The initial mapping is provided by the stdlib
module, but it can be modified later. In the simple case, tokens are
just strings. For example, the tokenizer is informed that if +
is encountered in the course of parsing, the following atom should be constructed
python
OperationAtom('+', lambda a, b: a + b,
['Number', 'Number', 'Number'])
Here, ['Number', 'Number', 'Number']
is a sugared way to defined the type (-> Number Number Numer)

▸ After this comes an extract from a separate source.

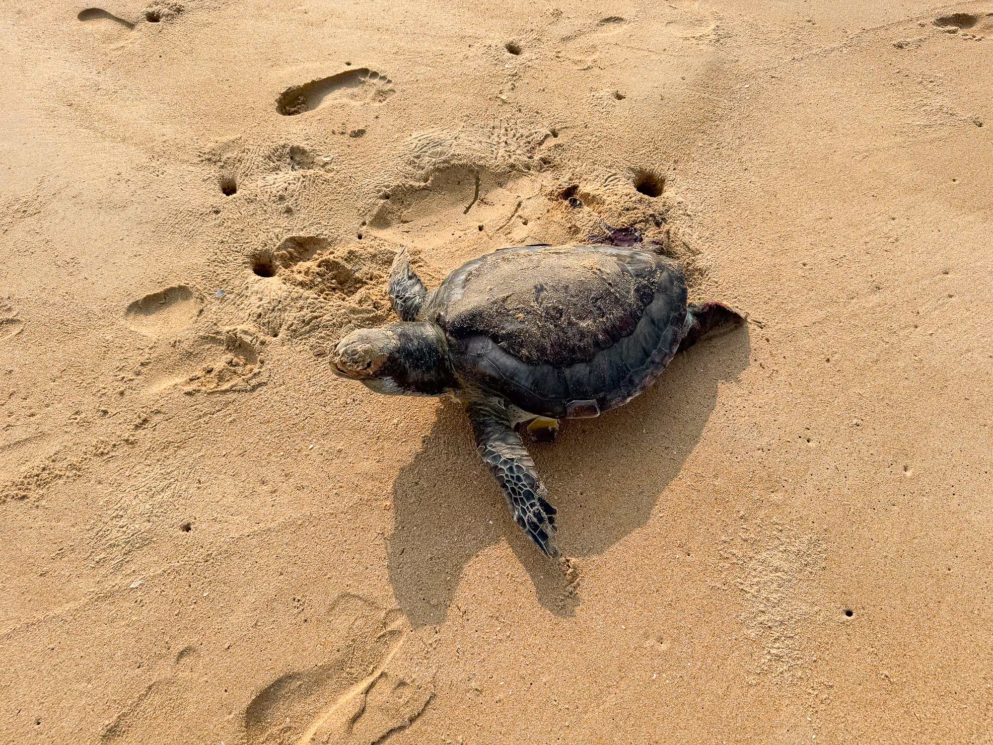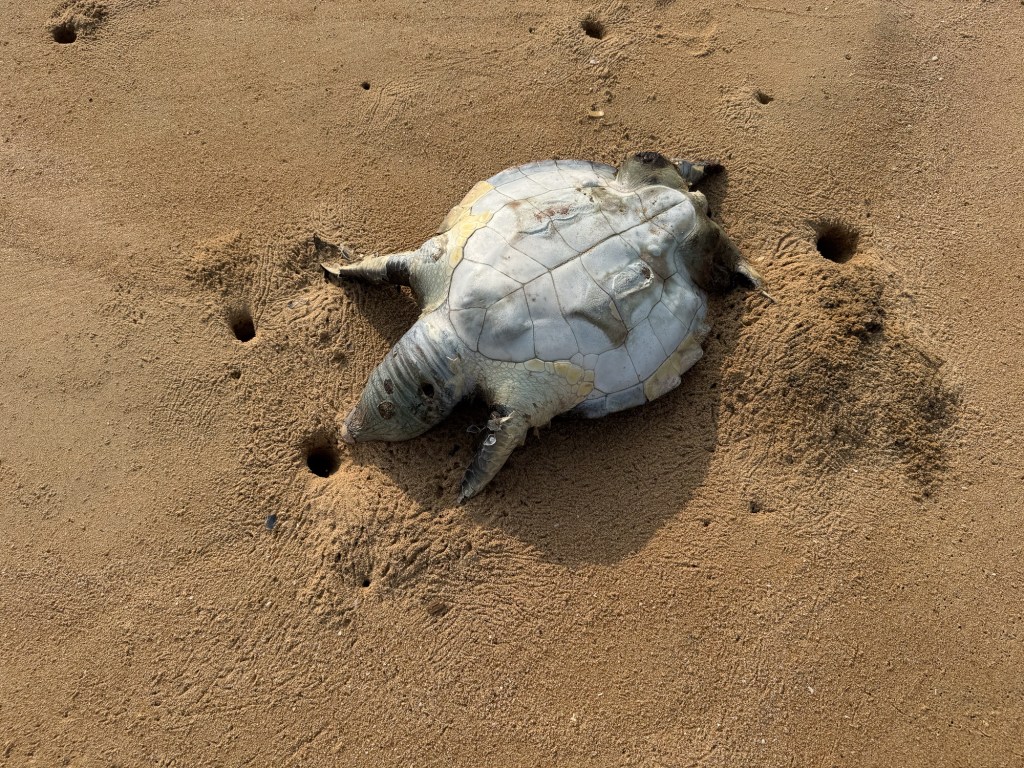 परतीच्या वाटेवर मी पाण्यापासून थोडे दूर येऊन मी काय पडले आहे ते पाहिले… एक मोठे कासव मारून पडलेले दिसले. या क्षेत्रात काम करणाऱ्या मोहन उपाध्येंना फोटो पाठवला आणि ते ऑलिव्ह रिडले आहे का विचारले. त्यांच्या मते हे ग्रीन टर्टल असावे. हिरव्या कासव (Green Turtles) हे समुद्रातील मोठ्या आकाराचे कासव आहेत, ज्यांचे शास्त्रीय नाव Chelonia mydas आहे. हे कासव समुद्राच्या उष्णकटिबंधीय आणि उपोष्णकटिबंधीय भागांमध्ये आढळतात. हिरव्या कासवांचे वजन साधारणपणे ११०-१५० किलोग्रॅम (२४०-३३० पाउंड) असू शकते, आणि त्यांची लांबी १ मीटरपर्यंत (३.३ फूट) पोहोचू शकते. त्यांच्या आहारामध्ये मुख्यत: समुद्री गवत, मासे आणि इतर जलचर वनस्पतींचा समावेश होतो. त्यांच्या हाडांचे जाड आवरण असते, ज्यामुळे ते जलद पोहण्यास सक्षम असतात.

, which should also be represented as an atom.
Regular
expressions are needed for such cases as parsing numbers. For example,
integers are constructed on the base of the token r"[-+]?\d+"
,
and the constructor needs to get the token itself, so the atom is
created by the following function once the token is encountered
python
lambda token: ValueAtom(int(token), 'Number')
evaluate_atom
Once atoms are created, the interpreter doesn't rely on the tokenizer. Instances of MeTTa
class have method evaluate_atom
, which is the function accepting the atom to interpret.
python
from hyperon import *
metta = MeTTa()
expr1 = metta.parse_single('(+ 1 2)')
print(metta.evaluate_atom(expr1))
expr2 = E(OperationAtom('+', lambda a, b: a + b),
ValueAtom(1), ValueAtom(2))
print(metta.evaluate_atom(expr2))
The example above shows that the parsed expression is interpreted in the same ways as the expression atom constructed directly. MeTTa.run
simply parses the program code expression-by-expression and puts the
resulting atoms in the program space or immediately interprets them when
!
precedes the expression. Note that we could get the operation atom for +
(which would be correctly typed) via metta.parse_single('+')
Creating new tokens
Access to the tokenizer is provided by the tokenizer()
method of the MeTTa
class. However, it may not be used directly. MeTTa
class has the register_token
method, which is intended for registering a new token. It accepts a
regular expression and a function, which will be called to construct an
atom each time the token is encountered. The constructed atom should not
necessarily be a grounded atom, although it is the most typical case.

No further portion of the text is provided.